Il Secolo XIX – 5 ottobre 2008 – Dopo quarant’anni il ‘68 suscita ancora passioni. “Ci vorrebbe un nuovo ‘68” o “E’ tutta colpa del ‘68”? Anno formidabile o anno terribile?
Per me il ’68 cominciò il 5 ottobre. 14 anni, quarta ginnasio al liceo Costa. Era uno dei primi giorni di scuola. Due giorni prima a Città del Messico centinaia di studenti che contestavano le Olimpiadi della dittatura erano stati uccisi dalla polizia. Pochi giorni dopo gli atleti neri statunitensi, sul podio, avrebbero alzato il pugno guantato di nero. Sulla scalinata del liceo c’erano gli studenti che avevano proclamato lo sciopero e bloccavano l’ingresso. Scandivano “Messico” battendo le mani come nel Maggio francese. Improvvisamente arrivò un manipolo di neofascisti per forzare il blocco, ci furono scontri violenti, poi l’intervento della polizia.

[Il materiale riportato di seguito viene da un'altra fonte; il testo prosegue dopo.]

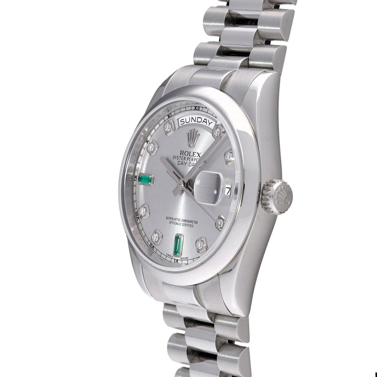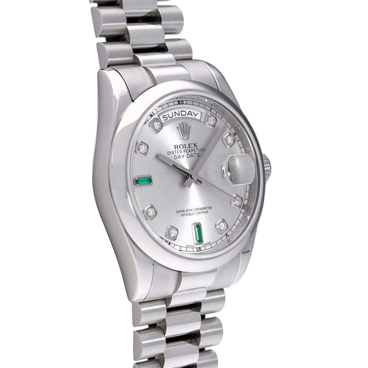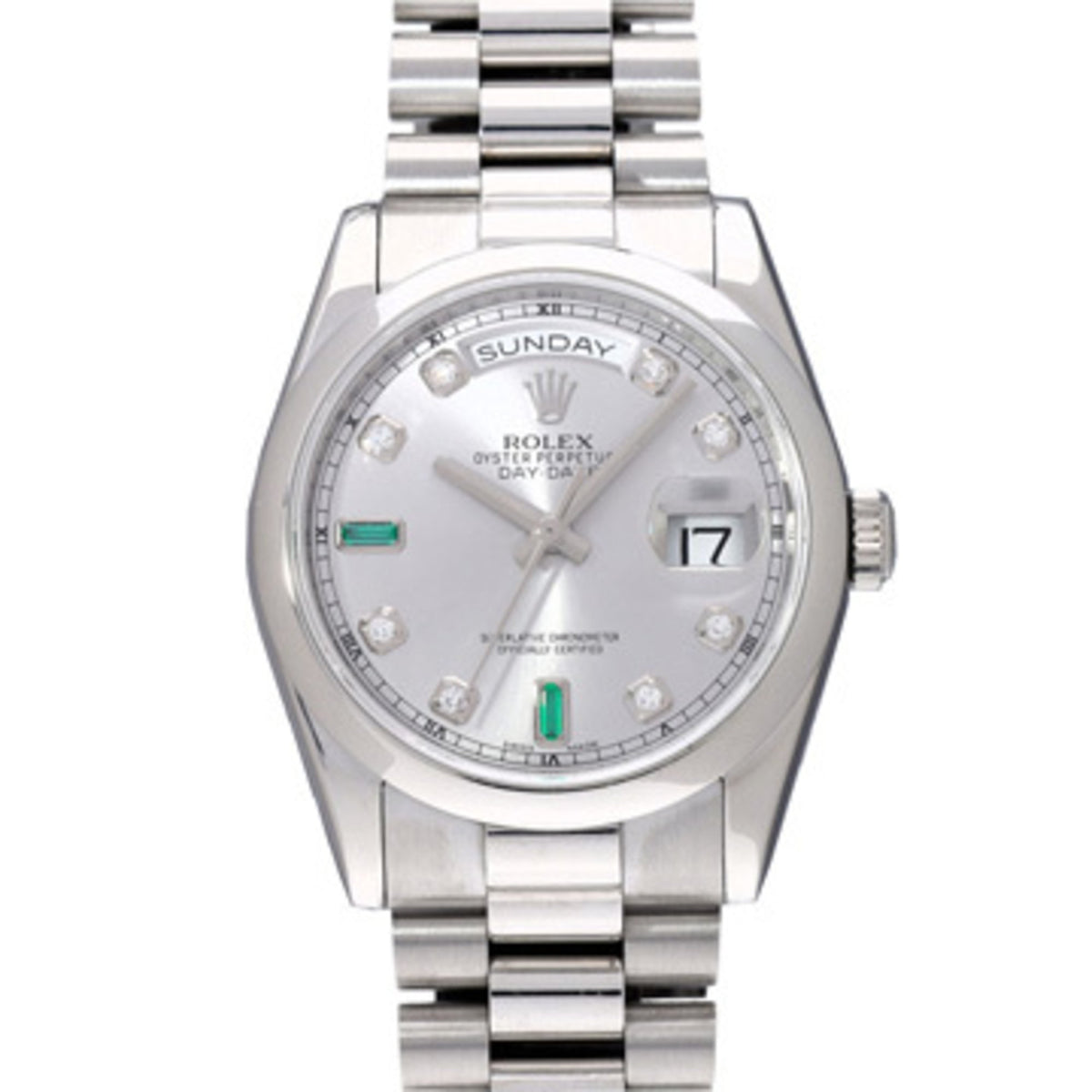 Pre-Owned Rolex Day-Date 118206A R serial number (manufactured around 1987) Silver/Diamond Men's Watch Automatic
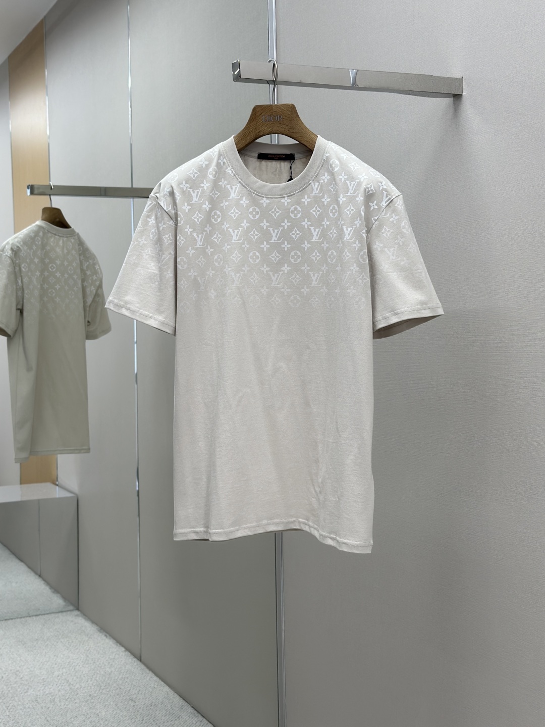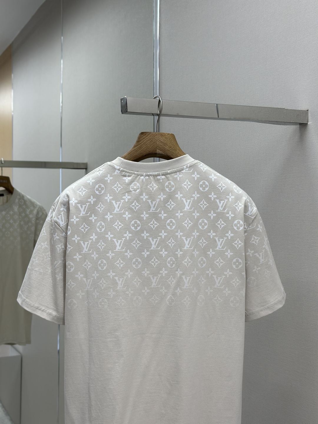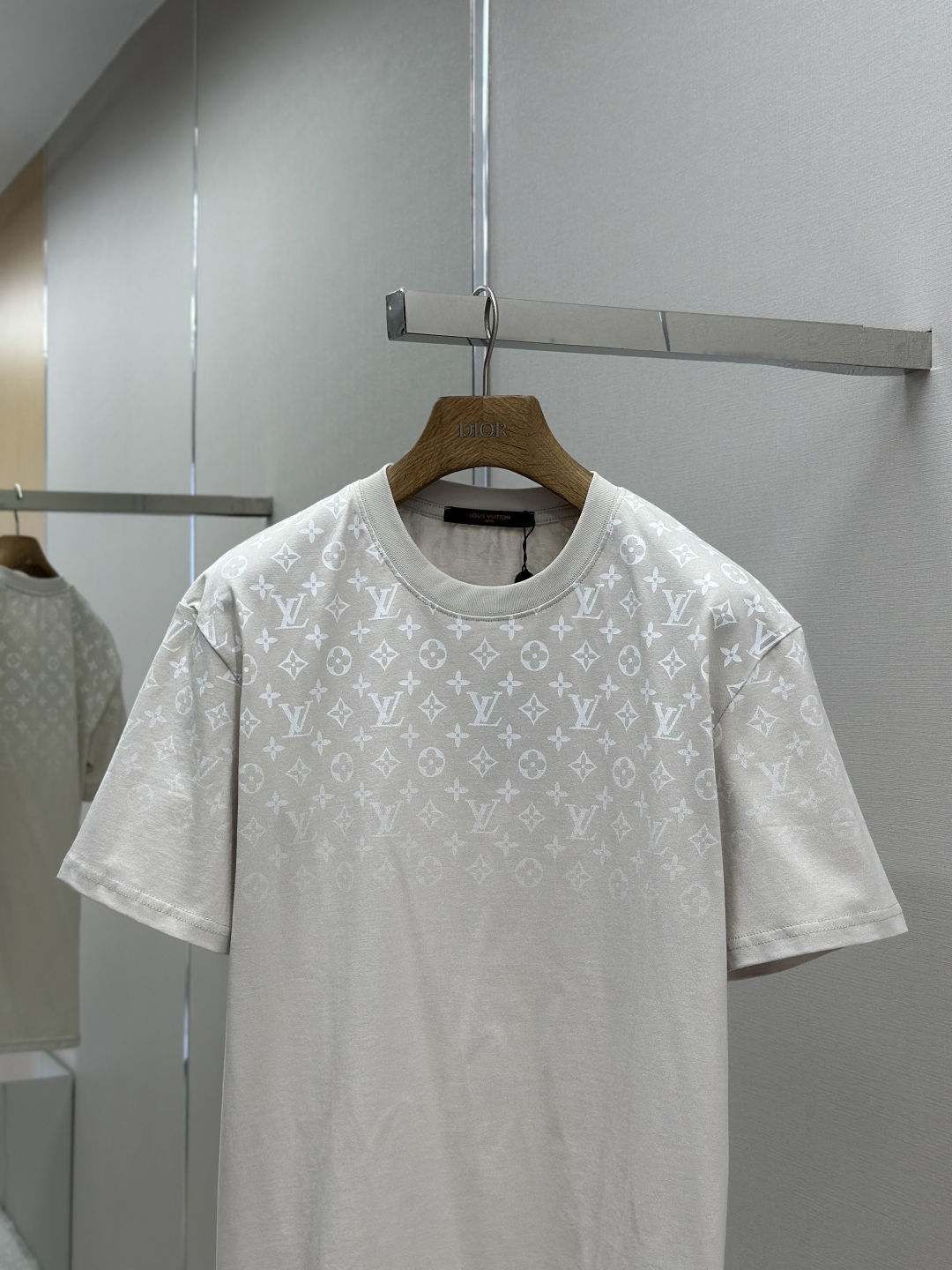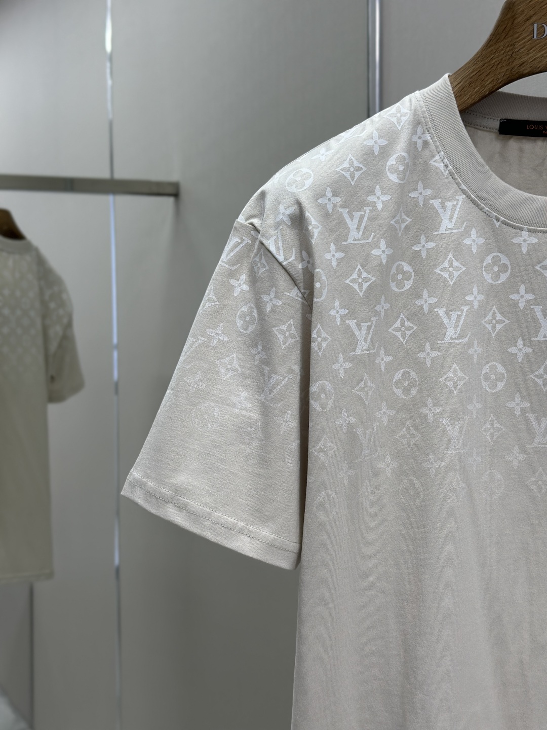 1V、渐变提花短袖T恤,25新品,本款 T 恤取材轻盈棉质针织,展现渐变 Monogram 图案从肩部向下消散之景,为休闲造型注入品牌巧思。标准版型,Monogram 渐变印花,罗纹衣领
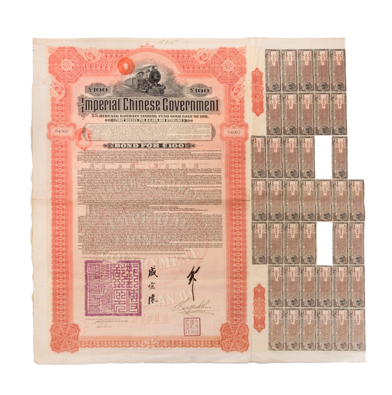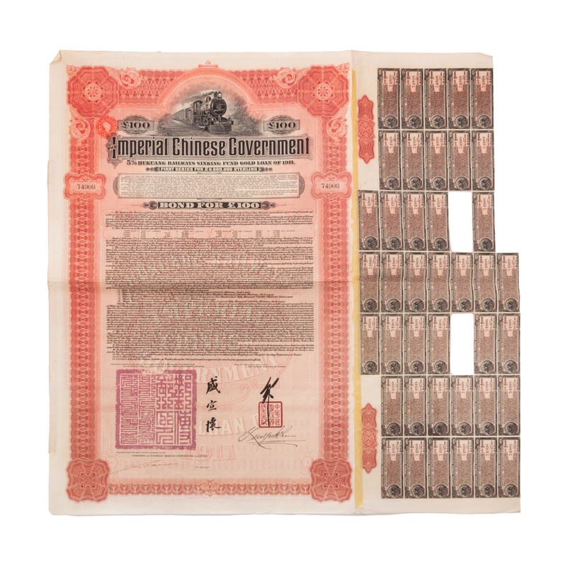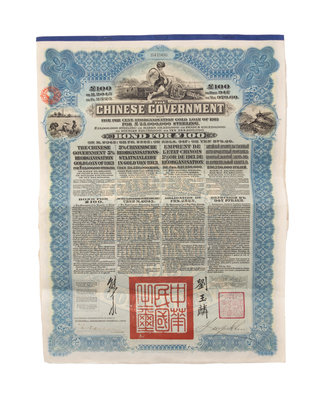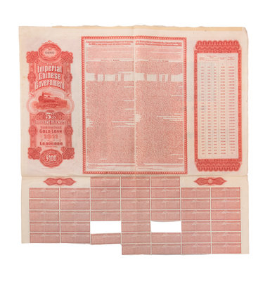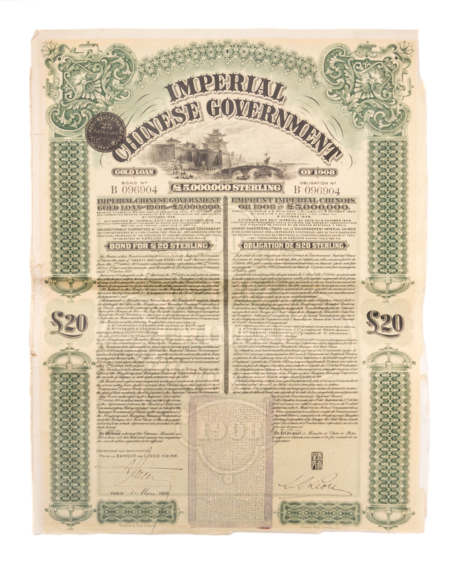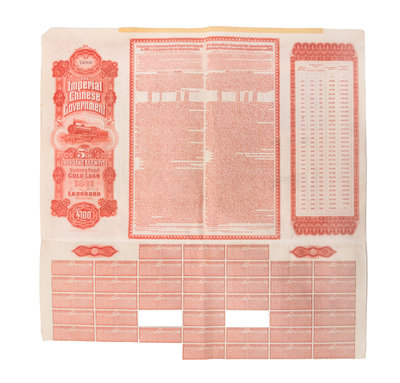 Four Chinese Paper Bonds Largest 21 1/4 x 14 1/2.
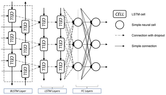 A simple Neural Network with a single LSTM layer did not provide good performances in the impact force history identification, as stated by Zhou [29]. Assuming that the same conclusion can be considered for the estimation of impact acceleration, the deep neural network architecture used by Zhou [29] was the starting point for this study. Some improvements were identified to maximize the performance for the specific problem, and the final architecture is shown in Figure 3. It consists of a Bidirectional Long Short-Term Memory (BLSTM) layer, two LSTM layers and two Fully Connected (FC) layers. Basically, a BLSTM layer consists of a forward LSTM layer and a backward LSTM layer. This provides the opportunity to consider both past and future responses of sequential inputs. BLSTM and the two LSTM layers have 200 cells per layer, the first FC layer has 200 hidden units, but the last FC layer has a number of hidden units equal to the number of outputs. The over-fitting was prevented using the dropout operation to each non-recurrent connection, as shown in the dashed lines in Figure 3. From here onwards, this neural network architecture will be referred to as deep Artificial Neural Network (dANN).
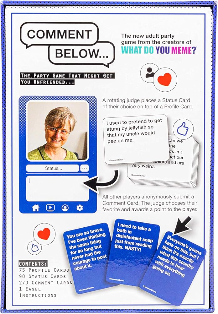 استعد لخداع أصدقائك: تنافس مع أصدقائك وعائلتك حيث يتم ذكر كل شيء (مجازيًا) في قسم التعليقات! كيف؟ ما عليك سوى إقران بطاقة التعليق الأكثر مرحًا لديك مع مجموعة الملف الشخصي وبطاقة الحالة المختارة في كل جولة لإنشاء الرد على التعليق الذي يجعل القاضي مذهولًا. يقدمها لك منشئو What Do You Meme.
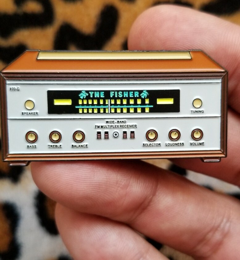 2"inch enamel pin modeled after the Fisher 800C Tube Stereo Receiver. 1-day handling time shipped USPS First Class. Limited Stock "---BUY ANY 3 PINS & GET 1 FREE OF YOUR CHOICE---" "or Glow in the Dar...
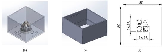 Figure 3. Casting molds: (a) Lower mold with the positive print used to create the cavity for the sensor positioning, marks are printed to the surfaces to indicate the sensor position and identify the cube axes. (b) Upper mold used to complete the cube, marks on the surfaces allow for alignment of the mold over the first half of rubber specimen. (c) Position and size of the stress probe inside the testing specimen, the volume occupied by the actual sensing probe is confined to a cube of 17 mm side.
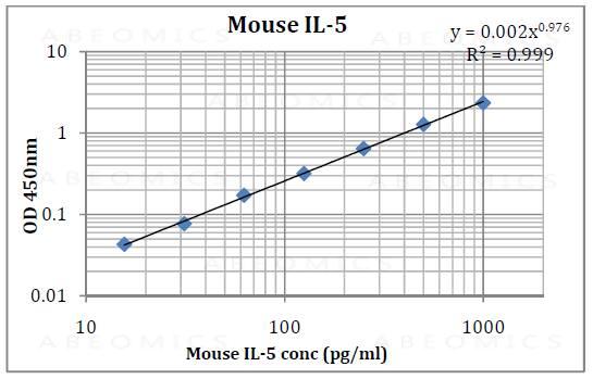 This assay employs an antibody specific for Anti-mouse IL-5 coated on a 96-well plate. Standards and samples are pipetted into the wells and IL-5 present in a sample is bound to the wells by the immobilized antibody. The wells are washed and biotinylated anti-mouse IL-5 antibody is added. After washing away unbound biotinylated antibody, HRP-conjugated streptavidin is pipetted to the wells. The wells are again washed, a TMB substrate solution is added to the wells and color develops in proportion to the amount of IL-5 bound. The Stop Solution changes the color from blue to yellow, and the intensity of the color is measured at 450 nm.
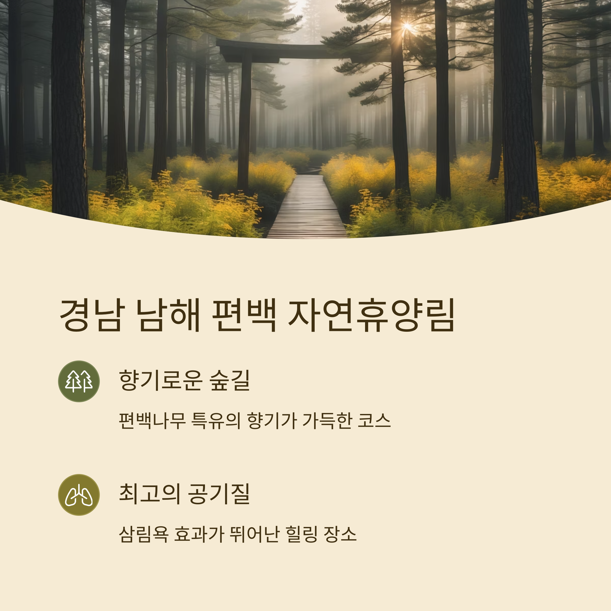 남해의 편백나무숲은 향기로운 숲길과 함께 산책로가 부드럽게 이어져 걷는 내내 편안합니다.
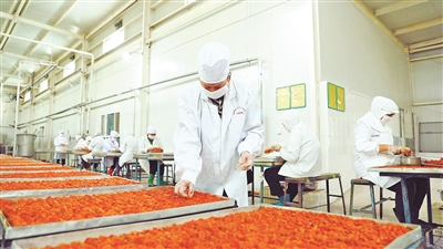 随着冬季的到来,果脯、干果、果醋等精深加工农产品进入生产旺季。近日,在轮台县杏宝果品工贸有限公司的生产车间内,全自动化生产线高速运转,工作人员在有序地生产加工白杏产品。
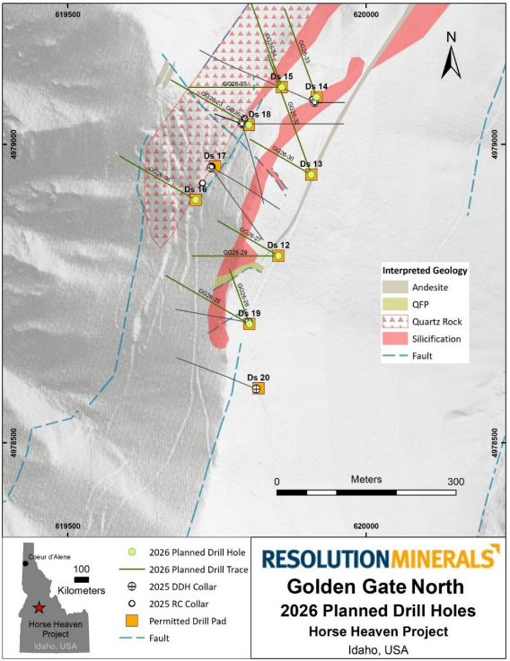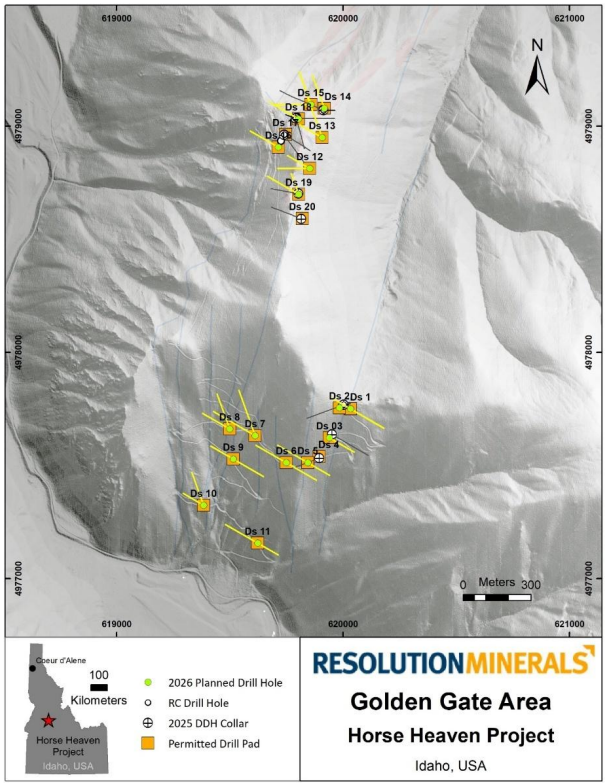 Resolution is advancing preparations for the 2026 field season, with drill at Golden Gate set to commence in early May 2026.
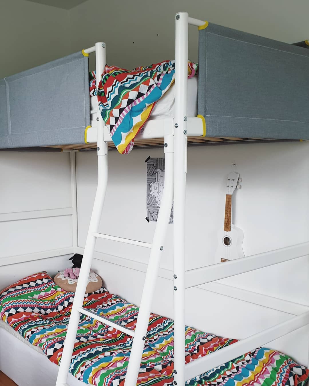 Лестницу можно установить с разных сторон. Бортики выполнены из ткани. На них также можно повесить органайзер «Мёйлигхет», где можно хранить книгу, которую вы читаете перед сном, или наушники, если перед сном вы привыкли слушать музыку или аудиокниги.
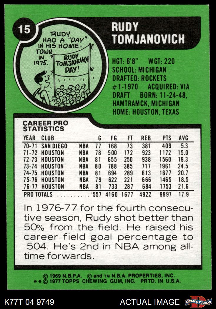 1977 Topps #15 Rudy Tomjanovich 8 - NM/MT
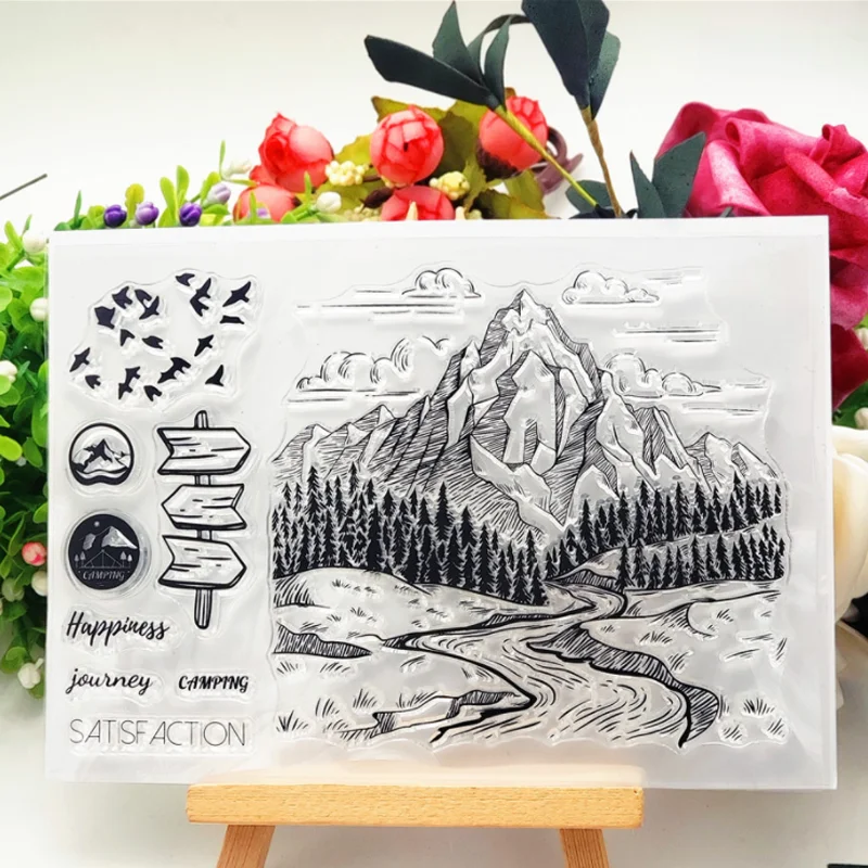 Прозрачный силиконовый штамп в виде гор, штамп для самостоятельного скрапбукинга, фотоальбома, декоративные прозрачные штампы, листы, офисные и школьные принадлежности
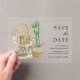 Éblouissez vos invités avec cet élégant enregistrer la date avec la typographie moderne et plante cactus. Ajoutez simplement les détails de votre événement sur ce modèle facile à utiliser pour en faire une carte unique de sauvegarde de la date.
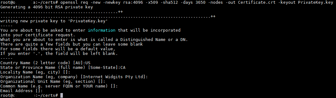 # openssl req -new -newkey rsa:4096 -x509 -sha512 -days 3650 -nodes -out Certificate.crt -keyout PrivateKey.key

Nei giorni successivi il liceo fu occupato. Dopo quello universitario, scoppiava il ’68 degli studenti medi.
14 anni erano pochi anche allora: la storia di quei giorni per me non fu una storia di divisioni, ma di unione. La cosa bella è che si unì una generazione, che cominciò a pensare all’inaccettabilità dell’ingiustizia nel mondo: le bombe in Vietnam, l’esplosione dei ghetti neri, Martin Luther King che veniva ucciso perché “aveva un sogno”. Era una rivolta nata dal cuore, i libri arrivarono dopo. Ricordo la musica, lo stare insieme, le sere al cineforum,la caduta dei tabù, i cortei e le assemblee, l’insofferenza verso l’autoritarismo e il conformismo. A chi sa cos’è la libertà non può sfuggire questo desiderio di libertà, così ricco di immaginazione.
Su quell’esperienza serve una riflessione storica, senza nostalgie né demonizzazioni.
L’aspetto più caduco è quello ideologico: dopo una prima fase in cui fortissima era la dimensione libertaria, ci fu una forte ideologizzazione, fino a forme di estremismo violento, che non ha lasciato tracce positive. Alla volontà di cambiamento vennero date risposte impazienti e drastiche, senza un progetto politico di respiro.
L’aspetto più vitale e duraturo fu la grande spinta anti-autoritaria e di modernizzazione sociale, con risultati vivi ancora oggi: lo statuto dei diritti dei lavoratori, frutto del ’69 operaio, la legge sull’obiezione di coscienza, il nuovo diritto di famiglia, la riforma della psichiatria…Una  spinta che modificò la coscienza e il volto del Paese.
Anche Spezia cambiò. Purtroppo sul ’68 spezzino sono mancate finora la memoria e la riflessione. Fa eccezione il romanzo di Giuseppe Corlito “A memoria-By heart”. Eppure lo scossone ci fu. La scuola fu svecchiata, cambiarono i valori e gli stili di vita sociale. La classe operaia, allora “classe generale” egemone in città, si aprì alle spinte partecipative dei giovani operai. Molti giovani arricchirono la classe dirigente politica e sindacale e le elites culturali, giornalistiche, professionali. La vita culturale conobbe personalità di rilievo, come  Enzo Ungari e Aldo Rescio, prematuramente scomparsi.
Insomma, il ’68 fu un sogno buono. Poi fallì, ma non fu un sogno cattivo. Il fatto che per un certo tempo sia stato possibile in gran parte del mondo sperare in un progetto collettivo  è un valore in sé. Ingenuo, forse, ma che fa bene. E che è utile ricordare per guardare avanti e progettare -o almeno immaginare- il futuro.